La proliferación de fiestas y planes para conocer gente y "ligar" a la vieja usanza indica un cansancio generalizado hacia la cultura "tinder".
La proliferación de fiestas y planes para conocer gente y “ligar” a la vieja usanza indica un cansancio generalizado hacia la cultura “tinder”. Getty / Collage: Blanca López

Para Christine Emba, una de las claves reside en que se ha liberado el sexo sin liberar antes a las mujeres. La articulista de The Washington Post piensa que es un error que las conversaciones sobre sexo empiecen y acaben en el consentimiento: “Un buen suelo ético, pero un techo terrible”. Uno de los ejemplos que refiere es el del exitoso cuento Cat Person, de Kristen Roupernian (publicado en The New Yorker en 2017), feroz radiografía de la figura del nice guy, un hombre que finge ser encantador y atento con el simple objetivo de obtener sexo, cuya personificación en el relato, a la hora de la verdad, no demuestra el menor interés por los gustos y preferencias de su compañera de cama.

Luisgé Martín, sin embargo, se muestra preocupado porque “la moral” domine la concepción del placer: “Creo que se está produciendo el movimiento inverso al que se debería haber producido. En vez de una expansión sexual femenina, se está volviendo a una represión para todos. En las relaciones se interpreta la clase social, los nexos de poder, la edad, la normatividad de los cuerpos… Hay que usar un algoritmo para saber si puedes desear a alguien, y eso mata el deseo o lo destruye”.
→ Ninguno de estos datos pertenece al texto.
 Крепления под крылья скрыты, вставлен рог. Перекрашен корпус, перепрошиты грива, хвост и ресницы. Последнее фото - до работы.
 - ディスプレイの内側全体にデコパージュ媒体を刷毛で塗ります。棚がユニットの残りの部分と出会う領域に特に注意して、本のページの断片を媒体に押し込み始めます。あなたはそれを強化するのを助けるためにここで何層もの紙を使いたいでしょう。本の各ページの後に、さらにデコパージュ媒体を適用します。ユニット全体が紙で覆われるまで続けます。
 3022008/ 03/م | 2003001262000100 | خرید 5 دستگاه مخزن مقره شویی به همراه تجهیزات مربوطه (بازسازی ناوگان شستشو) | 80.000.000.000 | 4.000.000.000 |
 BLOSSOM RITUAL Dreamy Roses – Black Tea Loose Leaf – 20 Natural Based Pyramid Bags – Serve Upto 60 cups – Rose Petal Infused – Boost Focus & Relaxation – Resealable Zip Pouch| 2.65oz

Sea como fuere, los tiempos de la hipersexualización están decayendo en el discurso público: las viejas humillaciones a la castidad voluntaria o involuntaria han dejado paso a la razonable idea de que experimentar placer no es algo que deba someterse a presión, ni a índices de productividad. Porque, como cantaba alguien muy anterior a la generación Z, “no todo va a ser follar, también habrá que comprarse unos calcetines”.
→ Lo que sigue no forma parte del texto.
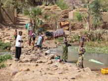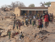 More walking brought us to the onion gardens, verdant green and being tended laboriously by a large team of women carrying buckets of water on their heads from a well and pouring them loving over their onions.  I could only think what a saving of labour could be made by installing some irrigation pipes, but of course, the balance of Mali’s resource endowment is people-rich and capital-poor.  Pipes are expensive and wages are almost zero (especially for children), hence the intensity of the work we saw in the onion fields.
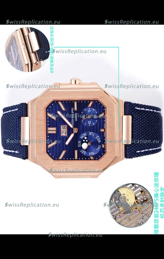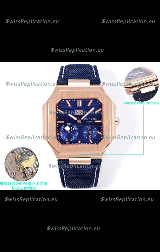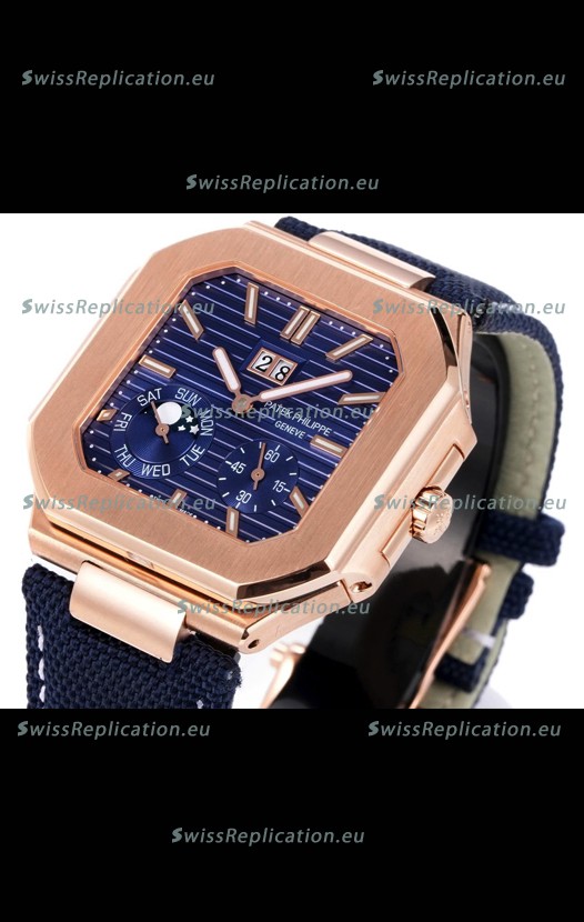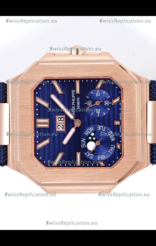 | Description | Patek Philippe Cubitus 5822 Rose Gold Casing Blue Dial Swiss Replica Watch |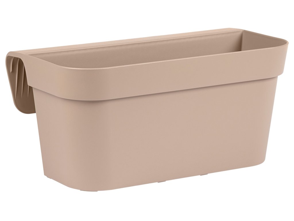 Moderný plastový farebný kvetináč na zábradlie talianskej výroby.

Una lanza por el materialismo corporal

En ¿Soy yo normal?, Luisgé Martín despatologiza la perversión erótica, aborda filias y trae a colación casos como el de unos seguidores del cineasta John Waters que se sustituyeron la piel del escroto por una membrana transparente para verse los testículos. Martín defiende un “materialismo corporal” igualitario que reconozca “la cosificación, la deshumanización del cuerpo, así como la caducidad arbitraria del deseo” frente a la confusión de “la dignidad de las personas y el consentimiento preceptivo con el puritanismo de las almas y del sexo trascendente”.